Rinuncia all’eredità ed inventario
Un caso di particolare interesse in tema di obbligazione risarcitoria derivante da una condotta criminosa del de cuius, è stato affrontato dal Tribunale di Milano, sez. X, con la sentenza 18/02/2020, n. 1552.
La vicenda trae origine dalla richiesta risarcitoria promossa dai genitori e dal fratello della minore Caia, i quali convenivano in giudizio Tizia e Mevia, affinchè il Tribunale, accertato il loro status di eredi pure e semplici del defunto Sempronio, venissero condannate al risarcimento del danno derivante dalla condotta criminosa del defunto stesso.
In particolare, Sempronio era stato tratto a giudizio per rispondere del reato di violenza sessuale aggravata e continuata nei confronti della minore: a seguito del suo decesso, il Tribunale aveva dichiarato l’estinzione del reato per morte del reo ai sensi dell’art. 150 c.p..

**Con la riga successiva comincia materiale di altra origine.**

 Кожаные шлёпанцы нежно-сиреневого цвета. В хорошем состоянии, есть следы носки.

Gli attori, agiscono pertanto nei confronti delle convenute, ritenendole eredi di Sempronio ed in quanto tali titolari dell’obbligazione risarcitoria.
Costituitesi in giudizio nelle forme di rito, Tizia e Mevia contestavano le pretese degli attori, in particolare quanto allo status stesso di eredi, eccependo di aver rinunciato all’eredità a norma dell’art. 485 c.c..

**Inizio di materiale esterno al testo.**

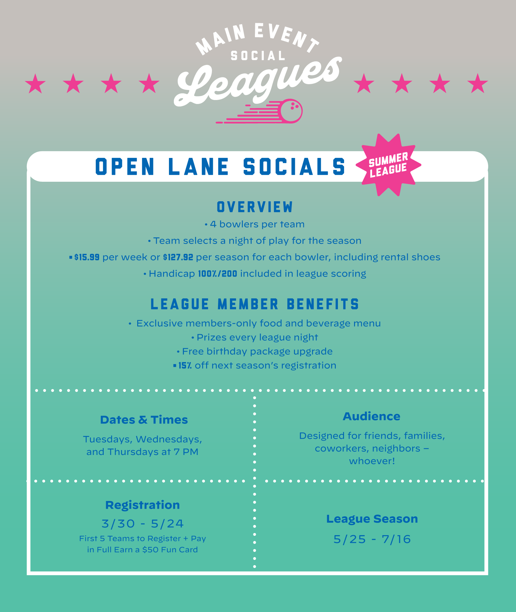 Unmissable. Unskippable. Unstoppable. Open Lane Socials are rolling to a lane near you, so gather your crew and get in on the fun. Registration ends 5/24!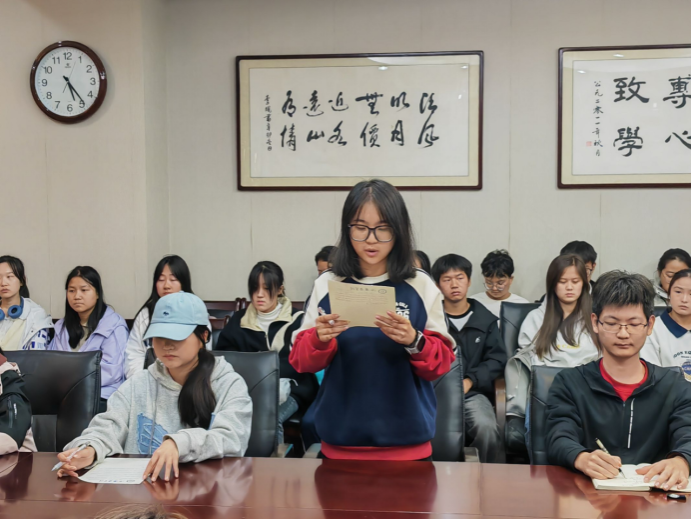 会议伊始,梁思宇同学首先为大家概述了本次会议的核心宗旨,即确保《条例》精神能传达至每一个团支部、团干部及团员,同时依托“三会两制一课”机制,强化对团员的纪律教育。继而,由团总支宣传委员姚诗音作为宣讲人,深入阐述了学习《中国共产主义青年团纪律处分条例》的重要性,并通过生动的案例分析及详细的条款解读对条例内容进行了全面的介绍,并一再强调,新时代的团员与青年应恪守政治纪律,积极履行团员职责,维护团组织的团结统一,做到诚信守实,言行一致。然后,学习会进入了激烈的讨论环节,大家分组行动、各抒己见,就条例中的关键内容、实际应用以及疑惑问题进行了深入的交流。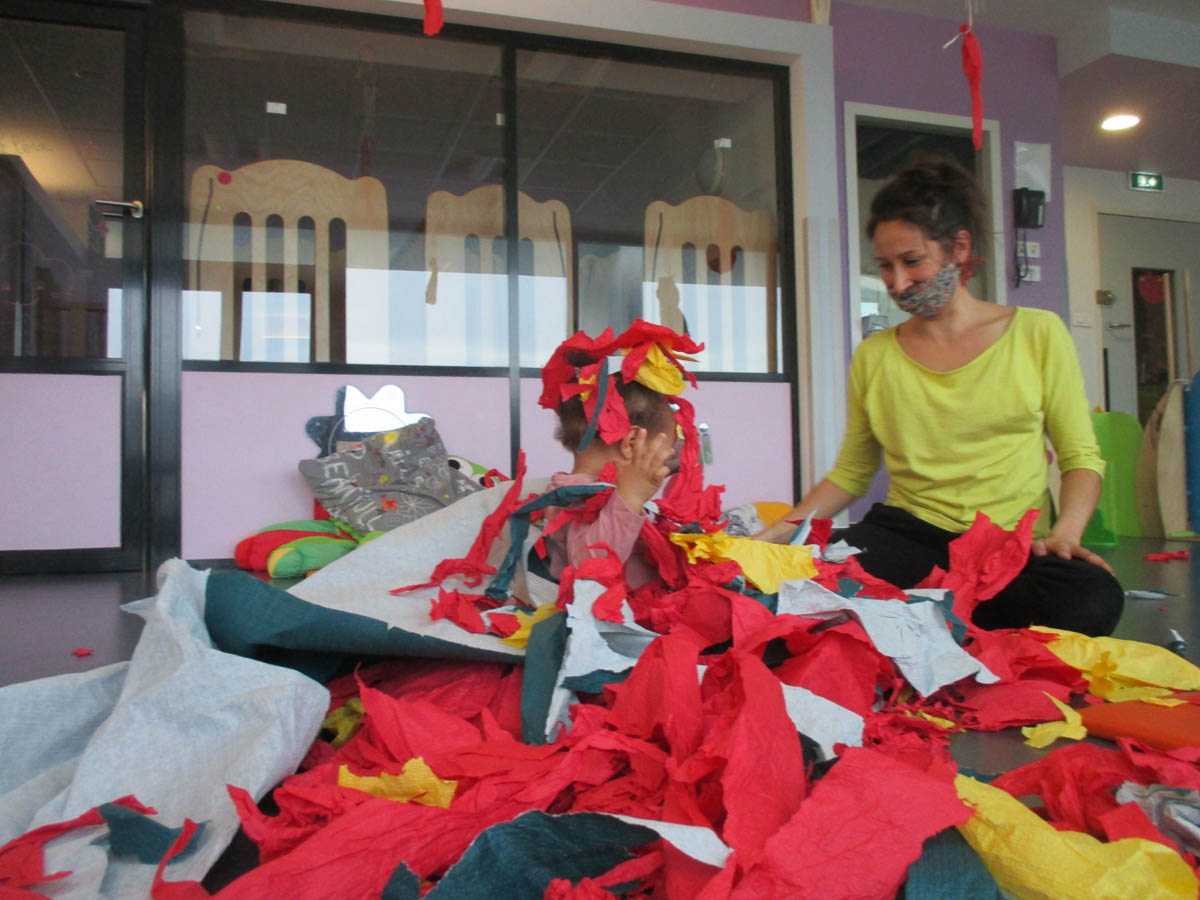 Cet espace a été mis en place au sein de la crèche, permettant à tous (enfants, parents et professionnels) de profiter d’un instant de détente.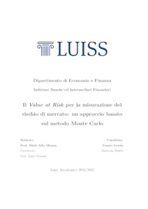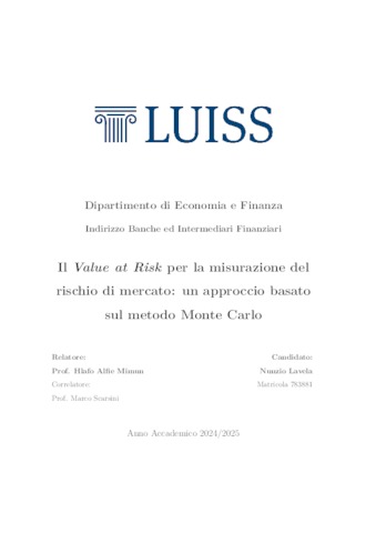 Lavela, Nunzio (A.A. 2024/2025) Il value at risk per la misurazione del rischio di mercato: un approccio basato sul metodo Monte Carlo. Tesi di Laurea in Probabilità e applicazioni alla finanza, Luiss Guido Carli, relatore Hlafo Alfie Mimun, pp. 196. [Master's Degree Thesis]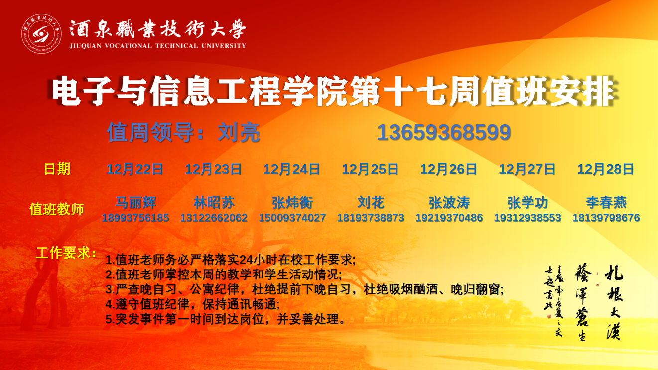 第十七周值班安排(12.22-12.28)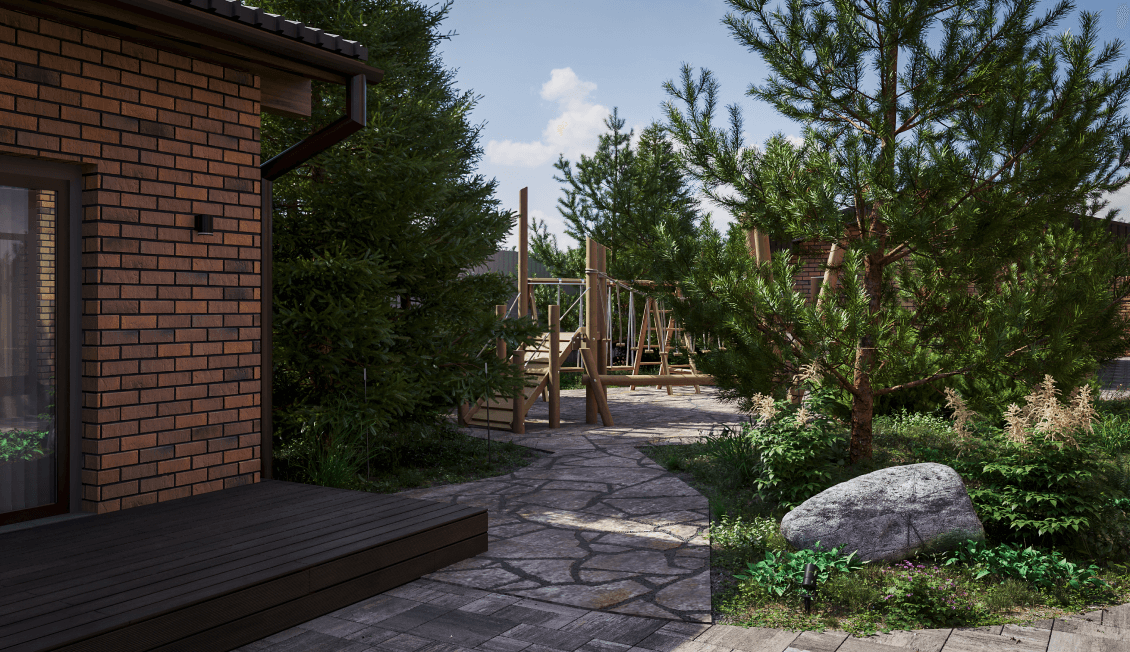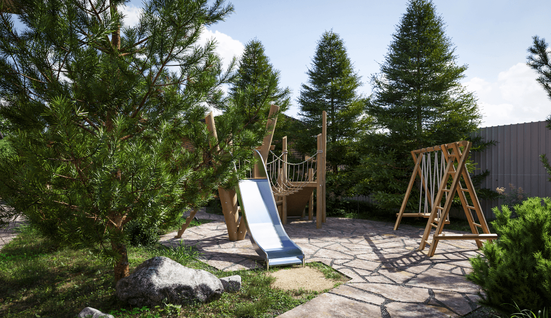 Для детей мы предусмотрели детскую игровую зону в глубине лесной части. Большой газон также может быть использован для активных игр. Да и лесная часть участка — это одна сплошная игровая зона для детей: здесь можно играть в прятки, собирать землянику, изучать растения и насекомых.

Rilevanti sono le questioni giuridiche sottese al caso in esame.
Precipuo rilievo assume, anzitutto, la domanda volta all’accertamento dello status di eredi delle convenute, il quale, secondo quanto dedotto dagli attori nell’atto di citazione, avrebbe trovato fondamento nel mancato espletamento dell’inventario ex art. 485 c.c., con la conseguente inefficacia (e/o nullità o invalidità) della rinuncia successivamente effettuata.

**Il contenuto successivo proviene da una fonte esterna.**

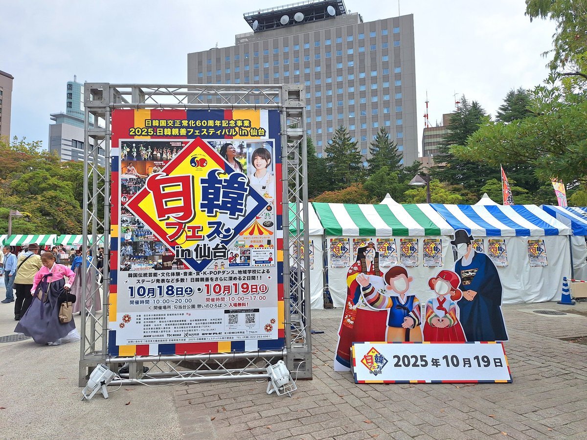 10月19日(日) こんにちは #仙台 はくもりで12時までの最高気温は深夜0時24分観測の19.8℃で、正午前は15℃台で推移してて肌寒 #今日の仙台 は🇰🇷 #日韓フェスin仙台 にやって来ましたぁ~ #いんくん ( #尹くん ) #マッコリ #勾当台公園いこいのゾーン (県庁前) あと半日よろしくお願いします pic.x.com/qxJmQUvHsC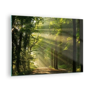 Glastavla - Bild på glas - En skogsstig upplyst av solens strålar - 70x50cm - En stund i skogen - Modern väggdekoration för vardagsrum och sovrum ARTTOR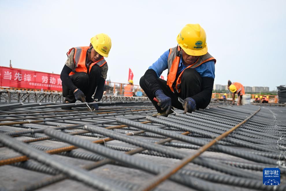 8月6日,中鐵建城通公司工人在施工現(xiàn)場綁扎鋼筋。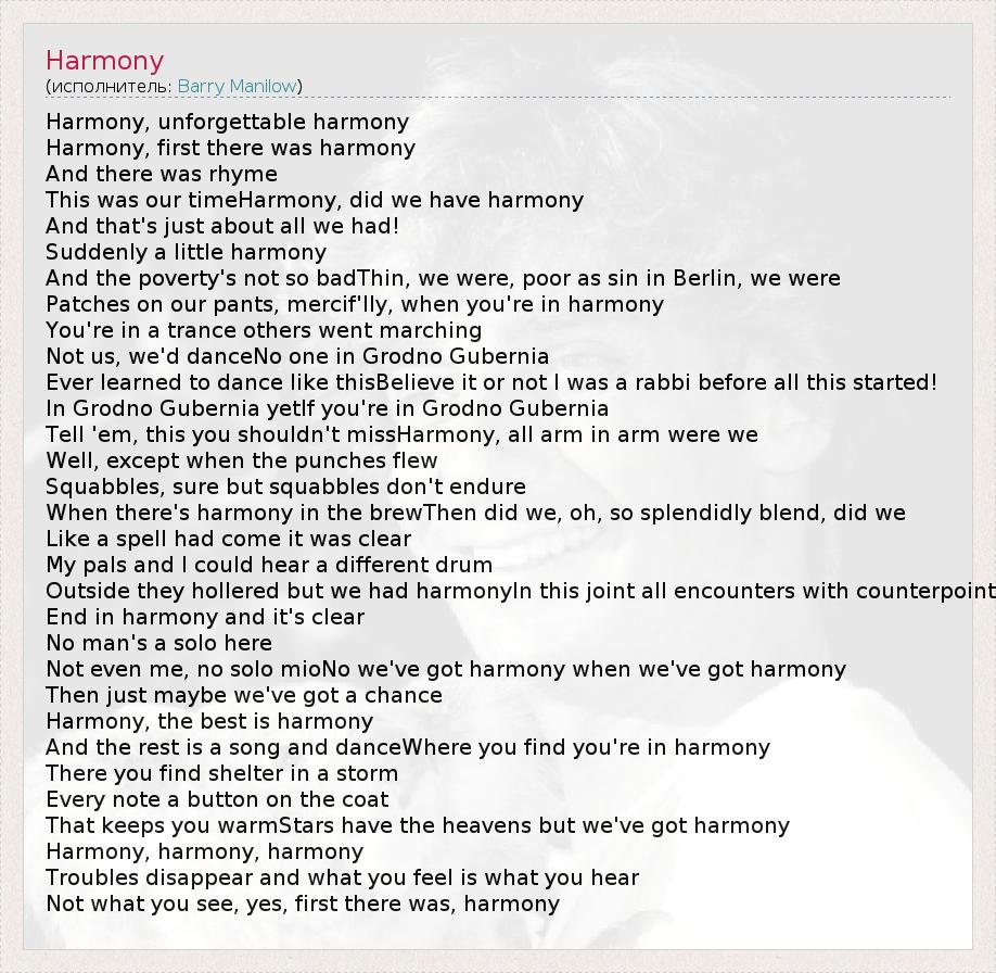 А как ты думаешь, о чем песня "Harmony" ?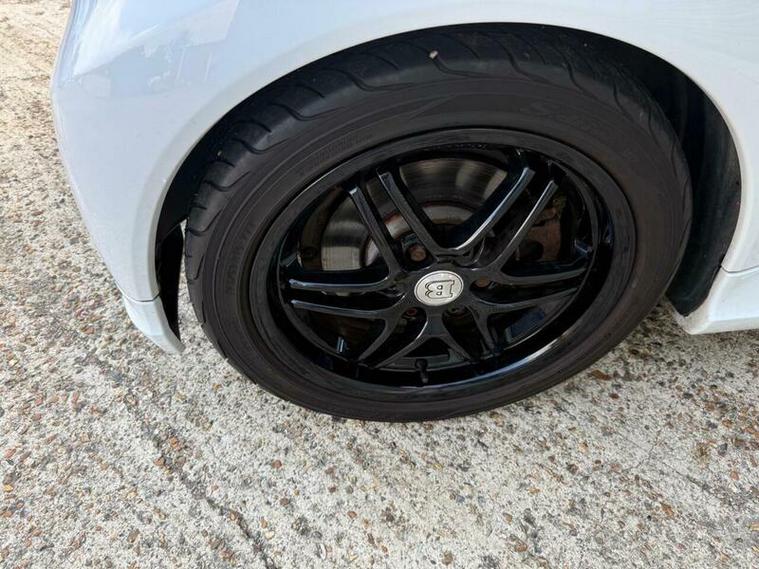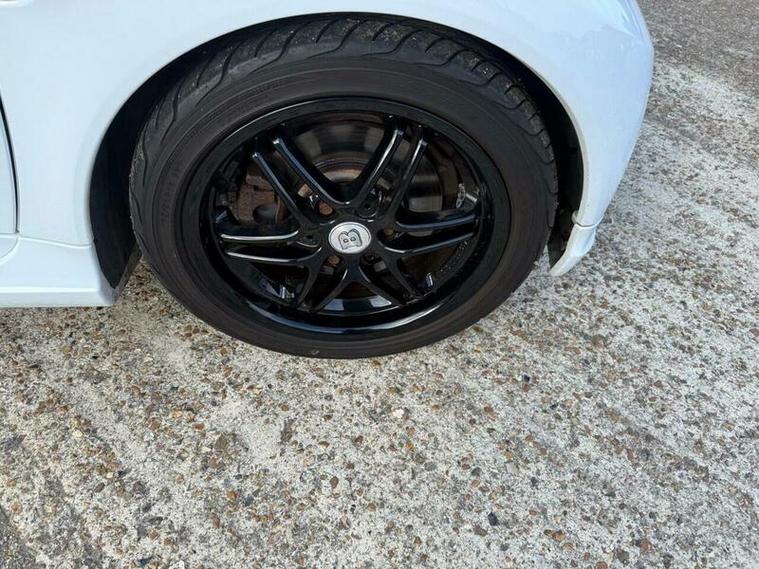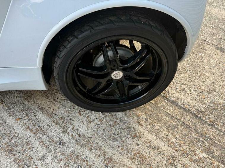 CAND INDEED IT'S AREAL EYE-FULL AS WELL WITH THE EXCELLENT CONDITION GLOSS BLACK WHEELS AND BLACK LEATHER INTERIOR. SET OFF AGAINST THE WHITE OF THE BODY.

Tale assunto viene respinto dal Tribunale, il quale ha ritenuto che la rinuncia all’eredità, la quale si sostanzia in una “dichiarazione, ricevuta da un notaio o dal cancelliere del Tribunale del circondario in cui si è aperta la successione e inserita nel registro delle successioni” (art. 519, primo comma, c.c.), fosse stata correttamente espletata dalle convenute.
I giudici rilevano, infatti, che nessun altro onere risulta imposto ai fini della validità dell’atto di rinuncia all’eredità: in particolare, non è richiesto il successivo compimento dell’inventario da parte del chiamato che si trovi in possesso dei beni.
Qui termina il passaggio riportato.